Given that recent setback, Burton's team decided on a different approach. 
Instead of trying to identify which portions of HIV elicited the best immune 
response — a strategy that has been attempted without much success in not just 
Merck's but other previous vaccine efforts as well — they started with a pool of 
antibodies they knew could neutralize HIV and then backtracked to determine how 
to entice the immune system into producing them. To find the most effective 
antibodies, Burton's team used the latest biological and computational screening 
techniques, which emerged from genome-sequencing technologies. They collected 
blood serum from 1,800 HIV-infected people from around the world, then screened 
these virus-laden samples against B cells to see how many of the HIV strains the 
immune cells would recognize. To their surprise, the B cells were able to 
neutralize a fair number of the viruses, but two of the antibodies produced by 
the cells clearly stood out as more potent than the rest.
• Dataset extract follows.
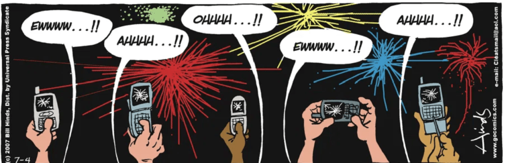 Aaron Johnson’s niche comic “What the Duck” ran for ten years (from 2006 to 2016), and was picked up for syndication in 2008 (using the euphemistic title “W.T. Duck“). The GoComics archive began in 2009, but recently ended (without any explanation) exactly fifteen years later (in January 2024). Note that the dates of the strips in the GC archive have absolutely no relationship to the original publishing run. This was the author’s final strip, which seems to apply to cartooning just as much as to photography:

"This paper is important because what the authors were able to do is identify 
many more neutralizing antibodies than what we find in the serum of patients," 
says Dr. Anthony Fauci, director of the National Institute on Allergy and 
Infectious Disease, which raises the question, "Why don't people make antibodies 
to all of these HIV strains? Why isn't their blood naturally loaded with these 
antibodies?"

One reason may be that HIV is able to hide from B cells, jealously guarding its 
most conserved, and therefore most vulnerable, portions from view. That would 
prevent the body from creating the right neutralizing antibodies against the 
virus. But the two new antibodies reported in Science target a less hidden 
region of the viral coat, so it may be possible that if a new vaccine is 
developed, it could stimulate the immune system to marshal a robust enough force 
of antibodies to stop HIV.

The new discoveries have renewed some AIDS researchers' faith in the vaccine 
approach. In the lab, says Fauci, scientists know that these antibodies can 
effectively stop HIV in its tracks, starving it out by preventing it from 
binding to immune cells that provide it with the nutrients and machinery it 
needs to grow and reproduce.

The next and perhaps greater challenge is making the right concoction of viral 
proteins that will stimulate the immune system to churn out these antibodies in 
large amounts. "Now that we have the antibodies, we have to go back and create 
the [immune signal] that produces these antibodies," says Seth Berkley, 
president and CEO of IAVI. After that, the task is to package that immune signal 
in the form of a usable vaccine. Says Fauci: "And that's a big catch, a second 
hurdle that we have not gone over yet."